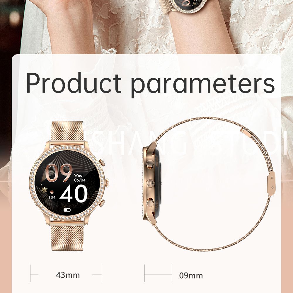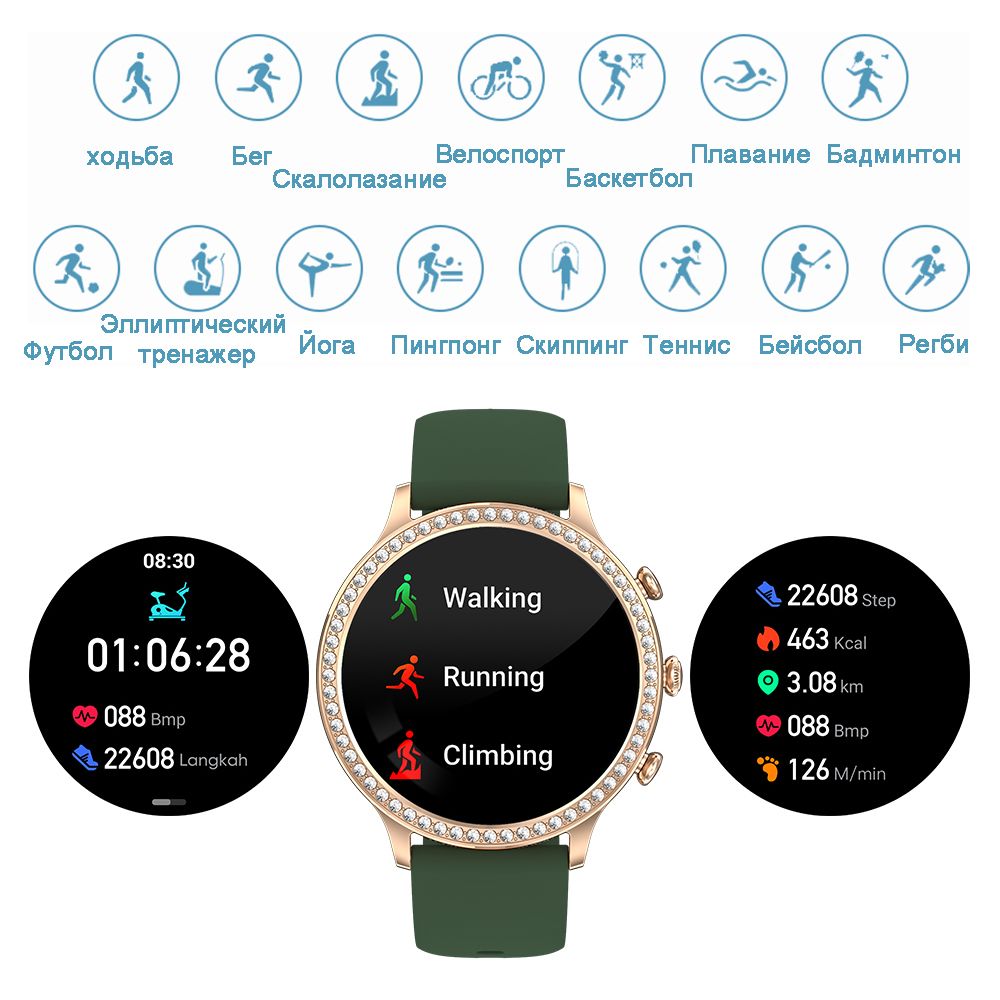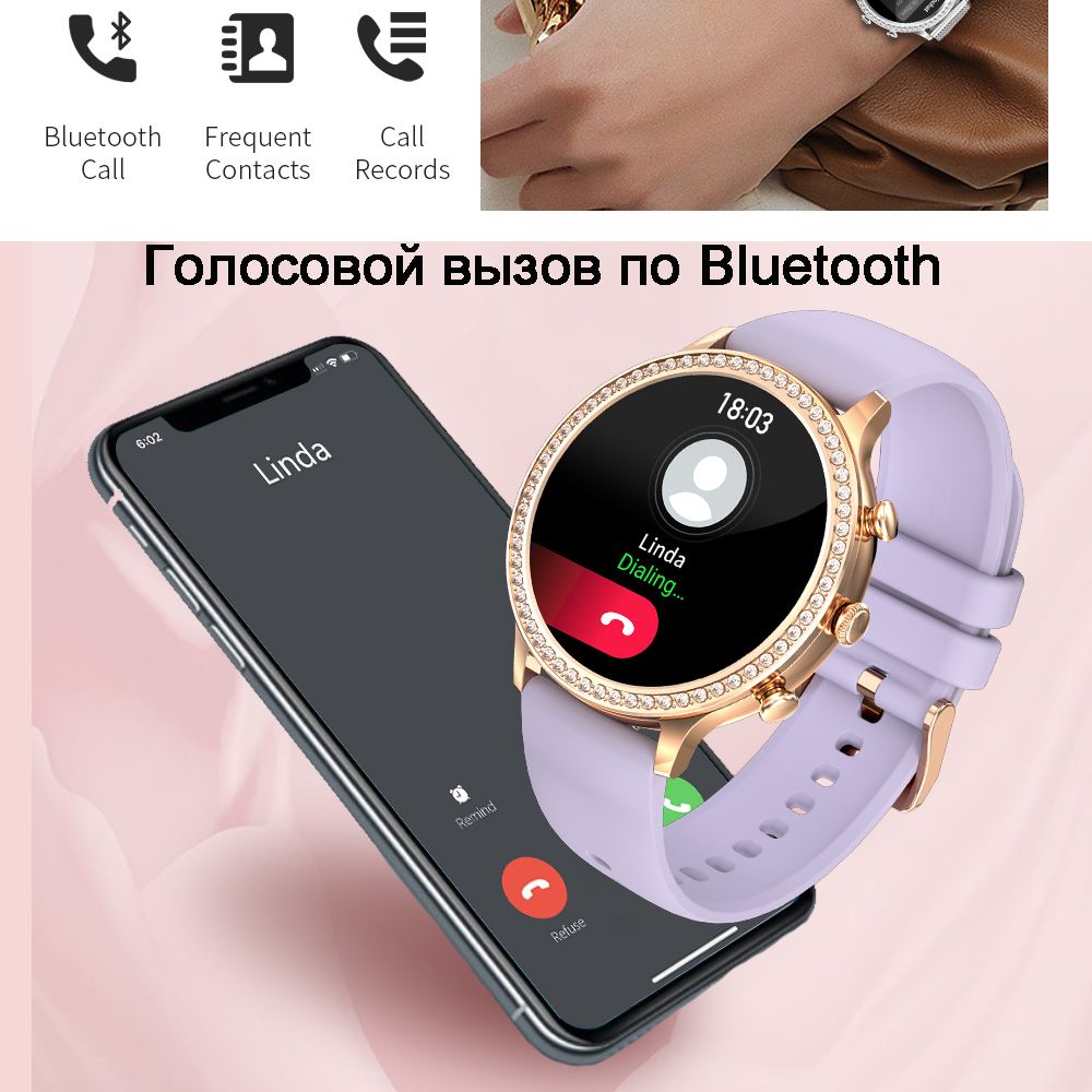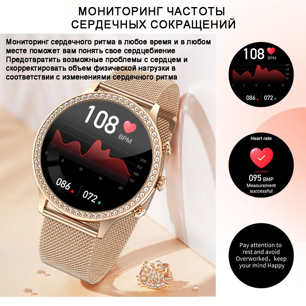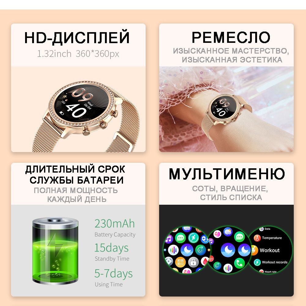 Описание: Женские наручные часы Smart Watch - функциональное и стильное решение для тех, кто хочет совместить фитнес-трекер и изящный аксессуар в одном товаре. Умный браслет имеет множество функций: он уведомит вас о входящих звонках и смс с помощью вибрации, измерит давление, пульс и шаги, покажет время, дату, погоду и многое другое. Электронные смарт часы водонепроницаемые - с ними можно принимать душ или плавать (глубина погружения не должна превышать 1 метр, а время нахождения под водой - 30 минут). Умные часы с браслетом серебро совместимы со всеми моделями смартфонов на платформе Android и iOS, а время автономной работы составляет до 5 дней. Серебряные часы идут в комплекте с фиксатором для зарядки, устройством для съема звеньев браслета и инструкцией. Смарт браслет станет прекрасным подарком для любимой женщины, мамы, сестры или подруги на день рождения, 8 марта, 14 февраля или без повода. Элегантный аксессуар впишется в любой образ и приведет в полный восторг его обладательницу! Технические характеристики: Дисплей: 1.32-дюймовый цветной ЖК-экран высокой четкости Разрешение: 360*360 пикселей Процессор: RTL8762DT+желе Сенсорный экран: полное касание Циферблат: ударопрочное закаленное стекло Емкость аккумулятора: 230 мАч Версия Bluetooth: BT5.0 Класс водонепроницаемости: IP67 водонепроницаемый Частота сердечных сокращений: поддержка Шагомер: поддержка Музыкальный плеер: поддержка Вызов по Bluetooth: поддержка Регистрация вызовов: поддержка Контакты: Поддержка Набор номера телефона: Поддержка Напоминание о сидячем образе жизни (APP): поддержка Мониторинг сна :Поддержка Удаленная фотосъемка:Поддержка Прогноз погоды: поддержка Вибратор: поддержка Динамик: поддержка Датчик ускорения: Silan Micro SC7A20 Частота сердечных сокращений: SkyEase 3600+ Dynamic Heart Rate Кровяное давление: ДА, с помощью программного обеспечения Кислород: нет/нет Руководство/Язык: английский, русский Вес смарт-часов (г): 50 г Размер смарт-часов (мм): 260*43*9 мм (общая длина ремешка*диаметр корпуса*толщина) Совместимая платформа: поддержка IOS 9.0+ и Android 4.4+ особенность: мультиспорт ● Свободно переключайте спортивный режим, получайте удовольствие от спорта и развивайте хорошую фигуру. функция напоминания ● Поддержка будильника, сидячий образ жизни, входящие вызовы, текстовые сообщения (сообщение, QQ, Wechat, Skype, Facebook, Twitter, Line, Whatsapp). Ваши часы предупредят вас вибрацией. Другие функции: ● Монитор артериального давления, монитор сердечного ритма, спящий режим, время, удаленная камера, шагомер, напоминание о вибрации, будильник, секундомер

* * *

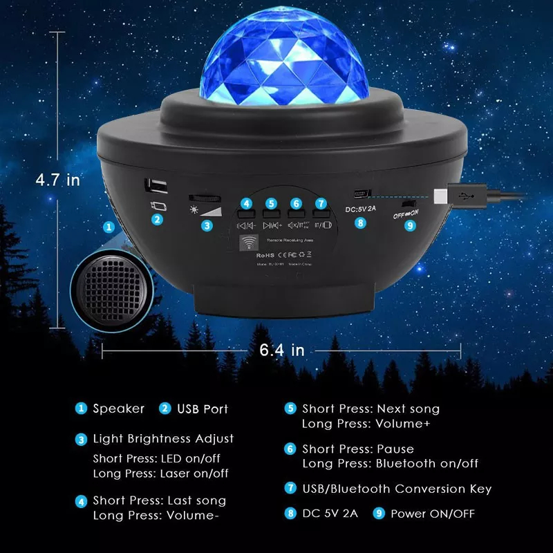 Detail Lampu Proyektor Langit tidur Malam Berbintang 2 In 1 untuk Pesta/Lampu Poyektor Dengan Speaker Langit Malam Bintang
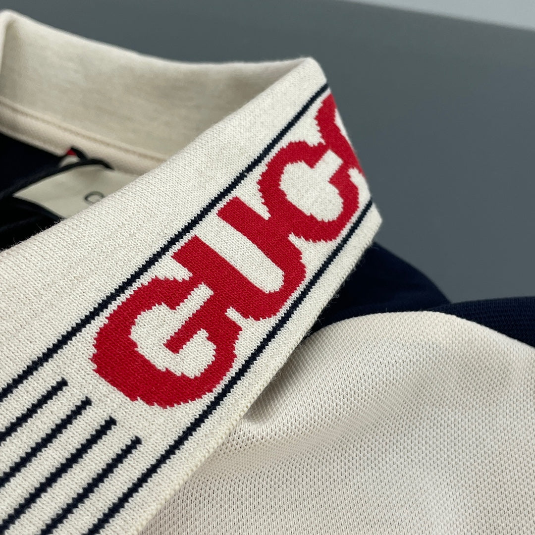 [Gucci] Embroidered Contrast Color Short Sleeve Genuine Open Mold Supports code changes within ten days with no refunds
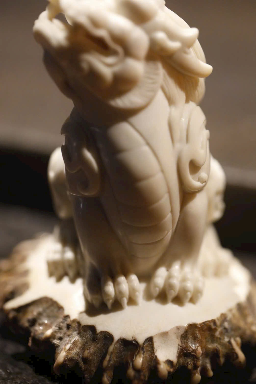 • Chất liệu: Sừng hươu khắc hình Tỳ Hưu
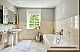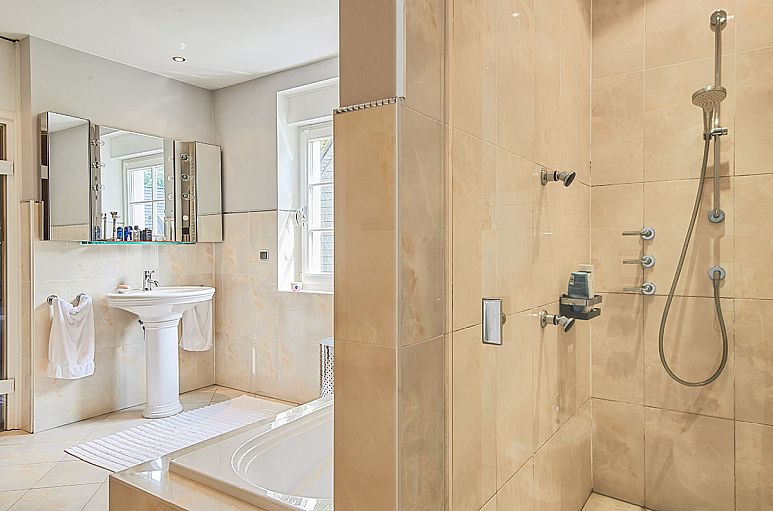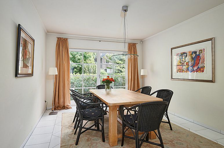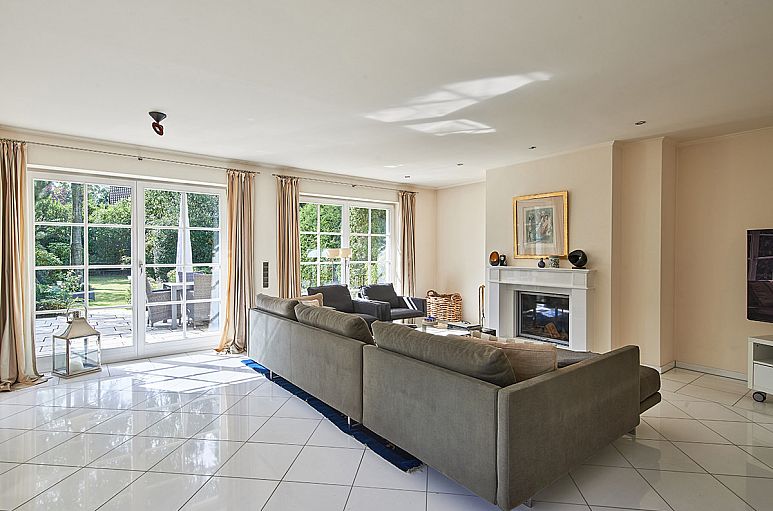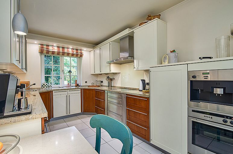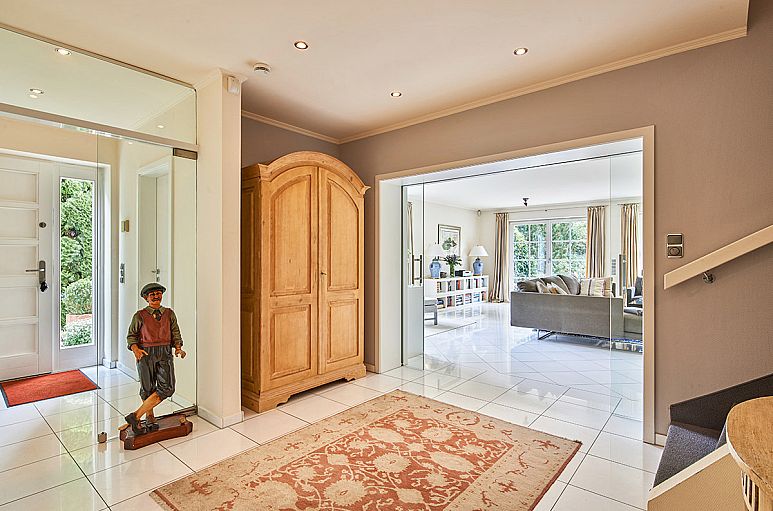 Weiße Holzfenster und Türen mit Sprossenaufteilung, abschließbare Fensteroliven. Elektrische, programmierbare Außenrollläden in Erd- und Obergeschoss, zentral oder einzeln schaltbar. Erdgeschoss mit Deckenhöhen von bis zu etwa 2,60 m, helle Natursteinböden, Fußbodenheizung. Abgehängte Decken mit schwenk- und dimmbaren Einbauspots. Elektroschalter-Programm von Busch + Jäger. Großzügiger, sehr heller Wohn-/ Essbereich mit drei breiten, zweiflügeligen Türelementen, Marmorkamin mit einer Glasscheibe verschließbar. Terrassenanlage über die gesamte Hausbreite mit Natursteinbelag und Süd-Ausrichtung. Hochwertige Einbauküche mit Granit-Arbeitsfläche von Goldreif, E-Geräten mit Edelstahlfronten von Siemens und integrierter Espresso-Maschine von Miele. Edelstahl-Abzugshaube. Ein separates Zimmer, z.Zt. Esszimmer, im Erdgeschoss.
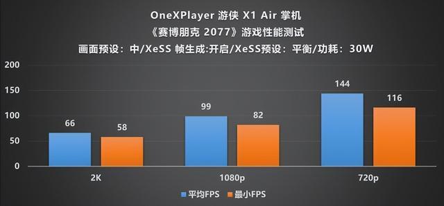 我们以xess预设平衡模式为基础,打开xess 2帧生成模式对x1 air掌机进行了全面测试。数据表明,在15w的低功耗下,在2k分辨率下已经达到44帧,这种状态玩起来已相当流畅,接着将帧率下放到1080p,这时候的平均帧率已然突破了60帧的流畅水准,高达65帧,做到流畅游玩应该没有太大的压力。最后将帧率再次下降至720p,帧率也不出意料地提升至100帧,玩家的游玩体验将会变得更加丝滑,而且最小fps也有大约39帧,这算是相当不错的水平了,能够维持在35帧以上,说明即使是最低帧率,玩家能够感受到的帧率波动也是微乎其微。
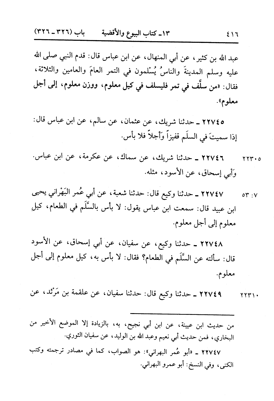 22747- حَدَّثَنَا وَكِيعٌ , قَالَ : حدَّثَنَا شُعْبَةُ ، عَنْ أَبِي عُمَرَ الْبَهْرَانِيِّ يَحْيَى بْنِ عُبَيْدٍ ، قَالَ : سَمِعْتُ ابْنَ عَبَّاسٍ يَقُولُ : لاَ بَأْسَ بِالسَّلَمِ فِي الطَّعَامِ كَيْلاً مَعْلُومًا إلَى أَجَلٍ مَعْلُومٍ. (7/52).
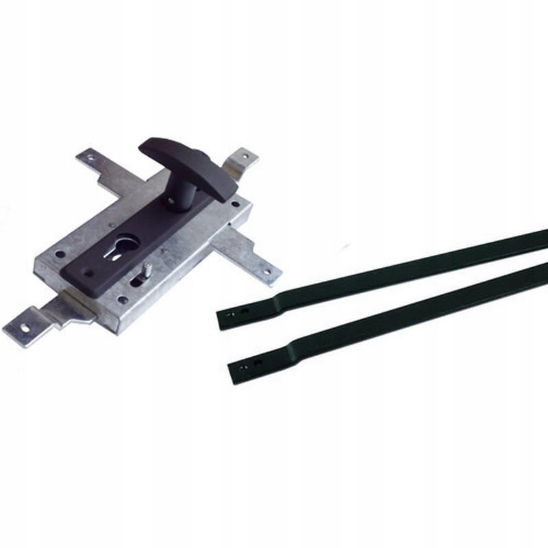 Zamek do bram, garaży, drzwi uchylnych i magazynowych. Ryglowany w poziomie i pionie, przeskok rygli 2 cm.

Task objective — After locating "hình Tỳ Hưu" and "Zamek do bram, garaży, drzwi" in the records above, return exactly the line holding each one and every line between them; leave out the pictures.

Result —
 • Chất liệu: Sừng hươu khắc hình Tỳ Hưu
 Weiße Holzfenster und Türen mit Sprossenaufteilung, abschließbare Fensteroliven. Elektrische, programmierbare Außenrollläden in Erd- und Obergeschoss, zentral oder einzeln schaltbar. Erdgeschoss mit Deckenhöhen von bis zu etwa 2,60 m, helle Natursteinböden, Fußbodenheizung. Abgehängte Decken mit schwenk- und dimmbaren Einbauspots. Elektroschalter-Programm von Busch + Jäger. Großzügiger, sehr heller Wohn-/ Essbereich mit drei breiten, zweiflügeligen Türelementen, Marmorkamin mit einer Glasscheibe verschließbar. Terrassenanlage über die gesamte Hausbreite mit Natursteinbelag und Süd-Ausrichtung. Hochwertige Einbauküche mit Granit-Arbeitsfläche von Goldreif, E-Geräten mit Edelstahlfronten von Siemens und integrierter Espresso-Maschine von Miele. Edelstahl-Abzugshaube. Ein separates Zimmer, z.Zt. Esszimmer, im Erdgeschoss.
 我们以xess预设平衡模式为基础,打开xess 2帧生成模式对x1 air掌机进行了全面测试。数据表明,在15w的低功耗下,在2k分辨率下已经达到44帧,这种状态玩起来已相当流畅,接着将帧率下放到1080p,这时候的平均帧率已然突破了60帧的流畅水准,高达65帧,做到流畅游玩应该没有太大的压力。最后将帧率再次下降至720p,帧率也不出意料地提升至100帧,玩家的游玩体验将会变得更加丝滑,而且最小fps也有大约39帧,这算是相当不错的水平了,能够维持在35帧以上,说明即使是最低帧率,玩家能够感受到的帧率波动也是微乎其微。
 22747- حَدَّثَنَا وَكِيعٌ , قَالَ : حدَّثَنَا شُعْبَةُ ، عَنْ أَبِي عُمَرَ الْبَهْرَانِيِّ يَحْيَى بْنِ عُبَيْدٍ ، قَالَ : سَمِعْتُ ابْنَ عَبَّاسٍ يَقُولُ : لاَ بَأْسَ بِالسَّلَمِ فِي الطَّعَامِ كَيْلاً مَعْلُومًا إلَى أَجَلٍ مَعْلُومٍ. (7/52).
 Zamek do bram, garaży, drzwi uchylnych i magazynowych. Ryglowany w poziomie i pionie, przeskok rygli 2 cm.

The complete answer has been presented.